Bei einer Botschaft sind sich selbst die Rivalen einig. „Tunesien hat gewonnen“, resümieren säkulare und islamistische Politiker am Tag nach der Präsidentenwahl in Tunesien unisono. Die Abstimmung am Sonntag stand am Ende einer Phase der Demokratisierung des nordafrikanischen Landes, die nach der Jasminrevolution vor vier Jahren eingeleitet worden war. Heute gilt Tunesien als Hoffnungsträger in der von Konflikten gebeutelten arabischen Welt mit einer modernen Verfassung, einem freigewählten Parlament und nun auch einen neu gewählten Präsidenten.

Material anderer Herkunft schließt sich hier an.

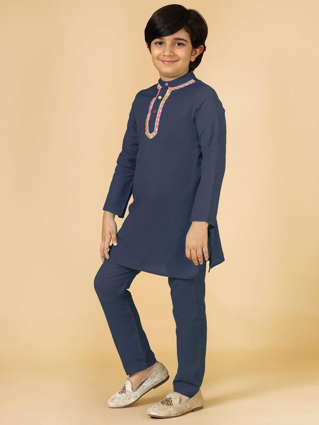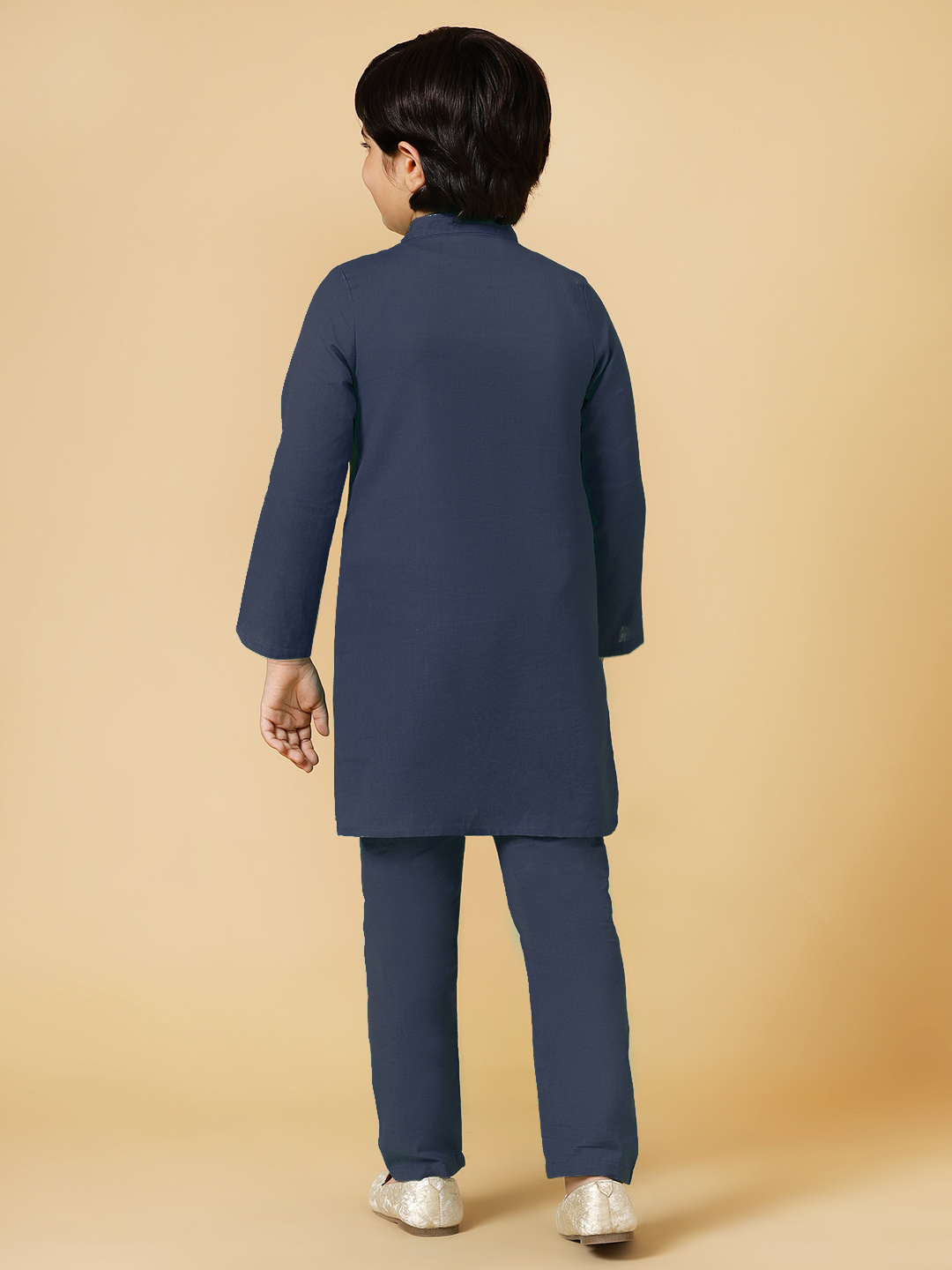 One of a kind style for your little boy! This Kurta Pyjama Set designed by A.T.U.N. is the perfect Indian wear for him. A stylish silhouette teamed with the perfect details adds to its style quotient. Making it a must-have occasion for him to wear.

Am Montag gab die Wahlkommission den Sieg des langjährigen Regierungspolitikers Béji Caïd Essebsi bekannt. Er kam im vorläufigen Ergebnis auf 55,68 Prozent der Stimmen. Sein Gegner Moncef Marzouki, der bisherige Übergangspräsident, erhielt 44,32 Prozent.

Soziale und wirtschaftliche Lage bleibt weiterhin angespannt

Schon jetzt ist klar: Die neue Führung wird nicht lange bestehen, wenn sie nichts gegen die wirtschaftlichen und sozialen Probleme tut. Denn die Lage der sozial Schwachen hat sich seit Dezember 2010, als sich ein junger Straßenhändler aus Verzweiflung selbst anzündete, eher noch verschlechtert.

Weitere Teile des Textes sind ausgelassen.